Poetry now has its own Grammy category

J. Ivy, “the suave poet” from Chicago
CTZN Chance/Burnculture/CTZN Chance/Burnculture

The Grammys have a new category, Best Spoken Word Poetry Album, for the first time in the history of the awards.

For decades, the Grammys’ spoken-word awards have gone to audio books, narrated by people like Barack and Michelle Obama, Carrie Fisher, Stephen Colbert and others – “Best Audio Book, Narration & Storytelling Recording” is the official title for the statue. 

According to NPR, the Chicago-born poet J. Ivy helped create the new category and is one of five contenders for the award, though he didn’t nominate himself. 
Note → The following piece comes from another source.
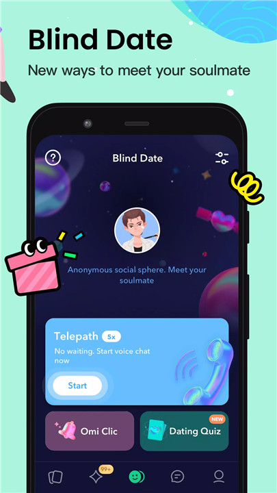 Omi Blind Date: Meet like-minded people in creative ways. Choose an avatar and get started! You can unlock your matches' real pictures after exchanging five messages.

As a national trustee for the Recording Academy, the outlet adds, Ivy says he pushed for the Grammys to honour the form.

“A poet will be bringing home a Grammy,” he tells NPR, “and it’ll be the first poet since Maya Angelou.”

Ivy is nominated for his sixth album, The Poet Who Sat by the Door, a nod to Sam Greenlee’s 1969 novel The Spook Who Sat by the Door, a classic in the Black Power movement that was also made into a film in 1973.

Ivy’s album is a collection of his poems, which he performs over beats and interpolates with singing by Sir The Baptist, Slick Rick, PJ Morton and Tarrey Torae (Ivy’s wife), among others.

“I’ve seen the superpower that is poetry. I’ve seen it shift people’s lives, I’ve seen it save lives,” says Ivy. “I have a quote that says, ‘Poetry is the seed of every song ever written.’ Whether it’s somebody rapping or singing or it being spoken, it’s a poem there.”